וּלְמַאן דְּאָמַר אֵין הֶפְשֵׁט וְנִתּוּחַ בְּרֹאשׁ הַמִּזְבֵּחַ, מַאי אִיכָּא לְמֵימַר? הָכָא בְּמַאי עָסְקִינַן – כְּגוֹן שֶׁהָיְתָה לוֹ שְׁעַת הַכּוֹשֶׁר וְנִפְסְלָה; וְרַבִּי אֶלְעָזָר בְּרַבִּי שִׁמְעוֹן הִיא, דְּאָמַר: כֵּיוָן שֶׁנִּזְרַק הַדָּם וְהוּרְצָה בָּשָׂר שָׁעָה אַחַת – יַפְשִׁיטֶנָּה, וְעוֹרָהּ לַכֹּהֲנִים.
La Guemara demande : Mais selon celui qui dit qu’il n’y a ni dépouillement ni découpe au sommet de l’autel, que peut-on dire ? La Guemara répond : Selon cette opinion, de quoi s’agit-il ici ? Il s’agit d’un cas l’animal qui est monté alors qu’il était encore vivant a eu un moment d’aptitude, durant lequel il a été abattu sur l’autel et son sang a été présenté, et par la suite il est devenu disqualifié. Et la dernière clause de la michna est conforme à l’opinion de Rabbi Elazar, fils de Rabbi Shimon, qui dit : Puisque le sang a été aspergé, réalisant ainsi l’acceptation de la chair de l’offrande pendant un instant, même si l’offrande est ensuite devenue disqualifiée, il la dépouillera et sa peau est donnée aux prêtres, et sa chair est brûlée.
וְאֶלָּא דְּקָתָנֵי: כֵּיצַד עוֹשֶׂה – מוֹרִיד אֶת הַקְּרָבַיִם לְמַטָּה וּמַדִּיחָן; לְמָה לִי?
La Guemara demande : Mais si la michna fait référence à une offrande devenue impropre, alors, au sujet de ce qui est enseigné dans une baraita concernant la michna : Que doit-il faire d’une telle offrande ? Il descend les entrailles de l’autel, les plaçant en dessous de celui-ci, puis les rince, pourquoi ai-je besoin de faire cela ? Puisque les entrailles d’une offrande impropre ne peuvent pas être remises sur l’autel une fois qu’elles en ont été retirées, pourquoi faudrait-il les retirer de l’autel ?
הֵיכִי נַעֲבֵיד? נַקְרְבִינְהוּ בְּפִרְתַּיְיהוּ?! ״הַקְרִיבֵהוּ נָא לְפֶחָתֶךָ הֲיִרְצְךָ אוֹ הֲיִשָּׂא פָנֶיךָ״!
La Guemara répond : Plutôt, que devons-nous faire ? Devons-nous les offrir avec leur fumier ? Le verset ne dit-il pas : « Présente-le donc à ton gouverneur ; sera-t-il satisfait de toi ? Ou t’accueillera-t-il favorablement ? » (Malachie 1:8), et n’est-il pas déduit de ce verset que les éléments considérés comme répugnants par les gens ne conviennent pas pour être utilisés comme offrande au Très-Haut ?

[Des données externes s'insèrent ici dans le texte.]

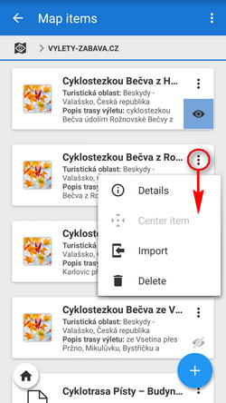 • permanent import - select Import from the item action menu, Locus Map screens the imported file and designs the import dialog according to its content - points, tracks or both. Then the process goes on like in the points or track import and imported objects appear on the map and in the folder structure of point resp. track tabs of the Data manager.

אֲנַן הָכִי קָאָמְרִינַן: מַדִּיחָן לְמָה לִי? דְּאִי מִיתְרְמֵי כֹּהֵן אַחֲרִינָא וְלָא יָדַע – נַסְּקִינְהוּ.
La Guemara précise : Voici ce que nous disons : Puisqu’on retire du dessus de l’autel les entrailles d’une offrande disqualifiée et qu’on ne peut pas les y remettre, pourquoi devrais-je les rincer ? La Guemara répond : La crainte est qu’un autre prêtre tombe par hasard sur ces entrailles et ne sache pas qu’elles sont disqualifiées pour l’autel, et les offre sur l’autel avec leurs excréments.